Example

An overview of the package functionality is illustrated with the following example. Let

\[ f(\boldsymbol{x}) = \boldsymbol{x}'\boldsymbol{A}\boldsymbol{x} - 2\boldsymbol{b}'\boldsymbol{x} \]

denote a quadratic objective function in \(\boldsymbol{x}\), which is in the \(d\)-dimensional real space. If \(\boldsymbol{A}\) is a positive-definite \(d\times d\) matrix, then the unique minimum of \(f(\boldsymbol{x})\) is \(\boldsymbol{x}_{opt} = \boldsymbol{A}^{-1}\boldsymbol{b}\).

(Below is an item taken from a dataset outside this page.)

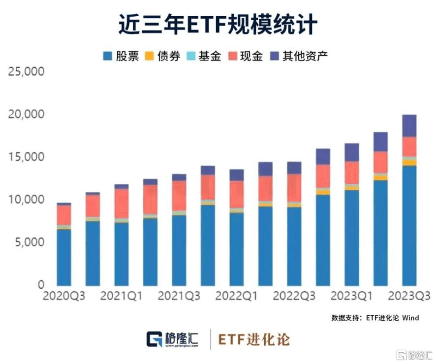 数据显示,截至三季度,ETF市场规模再创新高,达1.9万亿元,较上季度增长11.49%。其中,股票型ETF持续增加,规模达到1.41万亿元,环比增长13.71%。

For example, suppose we have

import numpy as np

A = np.array([[3., 2.],
              [2., 7.]])
b = np.array([1., 10.])

Then we have that the optimal solution is \(\boldsymbol{x}_{opt} = (-0.765, 1.647)\). Now, projplot allows us to complete a visual check. The following information will need to be provided:

The objective function (obj_fun): This can be either a vectorized or non-vectorized function.
Optimal values (x_opt): This will be the optimal solution for your function.
Upper and lower bounds for each parameter (x_lims): This will provide an initial range of values to observe.
Parameter names (x_names): These are the names of your parameters in the plots.
The number of points to plot for each parameter (n_pts): This is the number of points that each parameter will be evaluated at for their respective plot.

Setup

# Optimal values
x_opt = np.array([-0.765,  1.647])

# Upper and lower bounds for each component of x
x_lims = np.array([[-3., 1], [0, 4]])

# Parameter names
x_names = ["x1", "x2"]

# Number of evaluation points per coordinate
n_pts = 10

This package can be used with one function or with intermediary functions for more advanced users.

Basic Use Case

This example will walk through how to use the main function projplot.proj_plot().

import projplot as pjp


def obj_fun(x):
    '''Compute x'Ax - 2b'x.'''
    y = np.dot(np.dot(x.T, A), x) - 2 * np.dot(b, x)
    return y


# Obtain plots without vertical x lines
pjp.proj_plot(obj_fun, x_opt=x_opt, x_lims=x_lims,
              x_names=x_names, n_pts=n_pts)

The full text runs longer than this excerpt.